* **What you have to do**
Restate each record below word for word, skipping images.

(Stored items from a collection)
--------------------------------
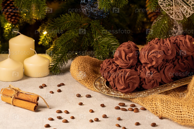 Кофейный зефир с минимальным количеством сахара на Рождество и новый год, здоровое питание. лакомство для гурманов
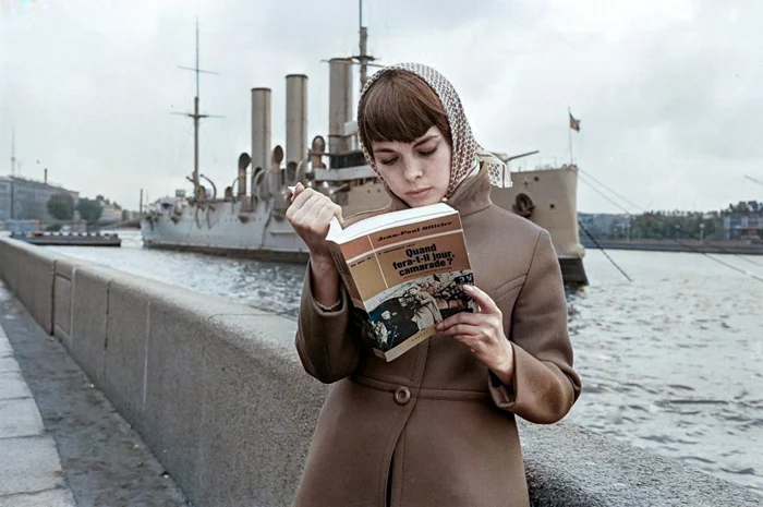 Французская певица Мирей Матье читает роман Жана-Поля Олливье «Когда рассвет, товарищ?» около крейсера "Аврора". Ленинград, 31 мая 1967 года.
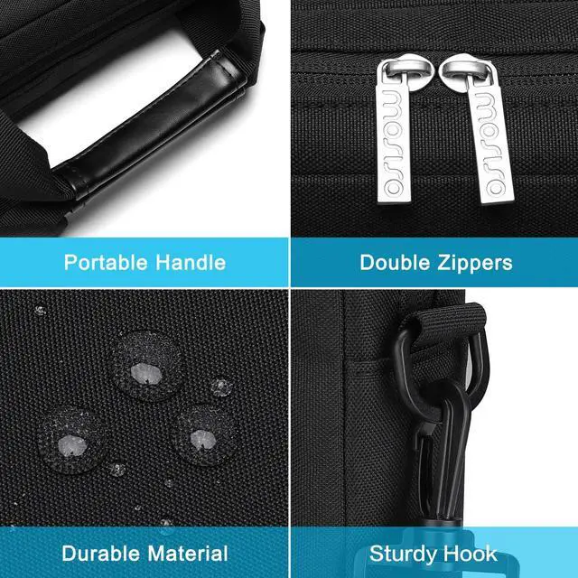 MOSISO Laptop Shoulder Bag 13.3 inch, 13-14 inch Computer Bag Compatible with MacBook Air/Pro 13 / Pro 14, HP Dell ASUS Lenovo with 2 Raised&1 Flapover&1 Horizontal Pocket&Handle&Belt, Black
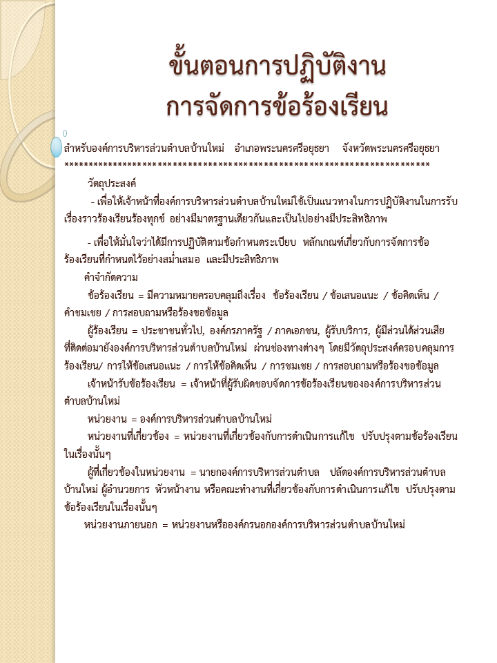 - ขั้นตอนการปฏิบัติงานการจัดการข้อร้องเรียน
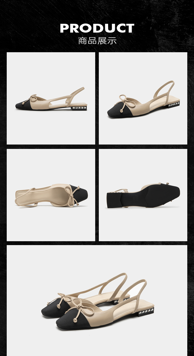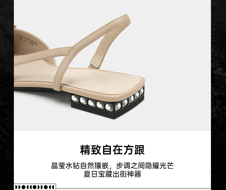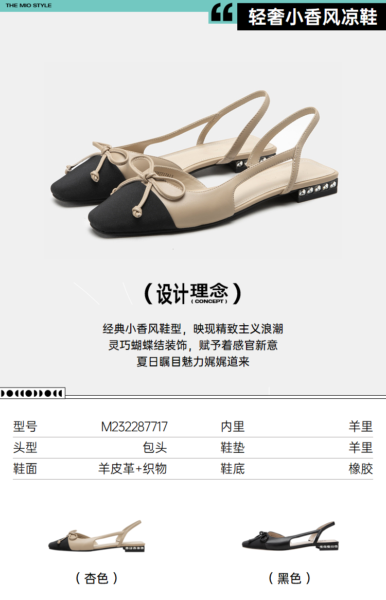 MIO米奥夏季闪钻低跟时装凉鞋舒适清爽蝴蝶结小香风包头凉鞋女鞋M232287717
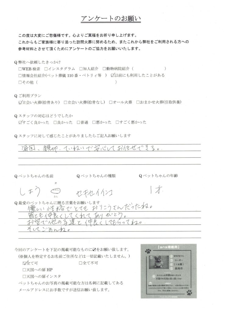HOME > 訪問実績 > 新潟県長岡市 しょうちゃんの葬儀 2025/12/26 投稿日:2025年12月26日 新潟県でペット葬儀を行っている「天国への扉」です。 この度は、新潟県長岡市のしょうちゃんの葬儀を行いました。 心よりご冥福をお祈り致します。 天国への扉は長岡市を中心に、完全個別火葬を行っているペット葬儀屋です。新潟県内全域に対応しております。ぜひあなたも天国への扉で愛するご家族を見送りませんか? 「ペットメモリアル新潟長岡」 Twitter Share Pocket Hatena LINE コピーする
--------------------------------
* **Exercise response**
 Кофейный зефир с минимальным количеством сахара на Рождество и новый год, здоровое питание. лакомство для гурманов
 Французская певица Мирей Матье читает роман Жана-Поля Олливье «Когда рассвет, товарищ?» около крейсера "Аврора". Ленинград, 31 мая 1967 года.
 MOSISO Laptop Shoulder Bag 13.3 inch, 13-14 inch Computer Bag Compatible with MacBook Air/Pro 13 / Pro 14, HP Dell ASUS Lenovo with 2 Raised&1 Flapover&1 Horizontal Pocket&Handle&Belt, Black
 - ขั้นตอนการปฏิบัติงานการจัดการข้อร้องเรียน
 MIO米奥夏季闪钻低跟时装凉鞋舒适清爽蝴蝶结小香风包头凉鞋女鞋M232287717
HOME > 訪問実績 > 新潟県長岡市 しょうちゃんの葬儀 2025/12/26 投稿日:2025年12月26日 新潟県でペット葬儀を行っている「天国への扉」です。 この度は、新潟県長岡市のしょうちゃんの葬儀を行いました。 心よりご冥福をお祈り致します。 天国への扉は長岡市を中心に、完全個別火葬を行っているペット葬儀屋です。新潟県内全域に対応しております。ぜひあなたも天国への扉で愛するご家族を見送りませんか? 「ペットメモリアル新潟長岡」 Twitter Share Pocket Hatena LINE コピーする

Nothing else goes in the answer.